The observable traits expressed by an organism are referred to as its phenotype and its underlying genetic makeup is called its genotype.
Distinguish between the phenotype and the genotype of an organism
- Mendel used pea plants with seven distinct traits or phenotypes to determine the pattern of inheritance and the underlying genotypes.
- Mendel found that crossing two purebred pea plants which expressed different traits resulted in an F1 generation where all the pea plants expressed the same trait or phenotype.
- When Mendel allowed the F1 plants to self-fertilize, the F2 generation showed two different phenotypes, indicating that the F1 plants had different genotypes.

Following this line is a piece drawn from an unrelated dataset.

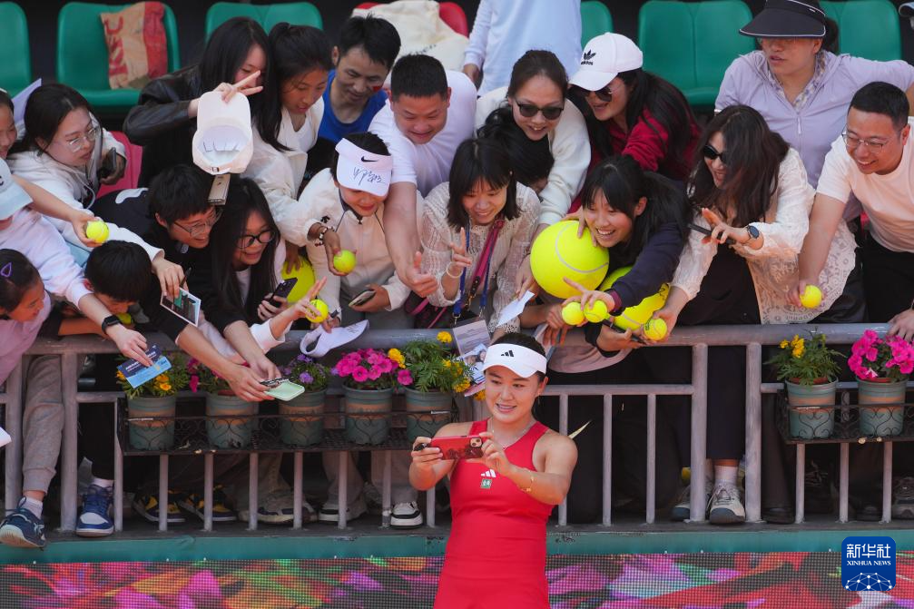 4月12日,中国队选手朱琳(下)在单打比赛后与观众合影。她2比0战胜太平洋大洋洲联队选手舒斯特。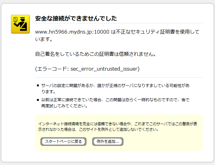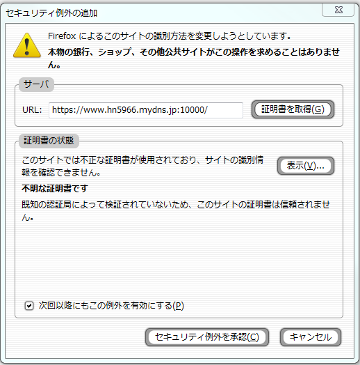 セキュリティー警告が出ますので、例外を追加ボタンを押して証明書を取得します。

- phenotype: the appearance of an organism based on a multifactorial combination of genetic traits and environmental factors, especially used in pedigrees
- genotype: the combination of alleles, situated on corresponding chromosomes, that determines a specific trait of an individual, such as “Aa” or “aa”
Phenotypes and Genotypes
The observable traits expressed by an organism are referred to as its phenotype. An organism’s underlying genetic makeup, consisting of both physically visible and non-expressed alleles, is called its genotype. Johann Gregor Mendel’s (1822–1884) hybridization experiments demonstrate the difference between phenotype and genotype.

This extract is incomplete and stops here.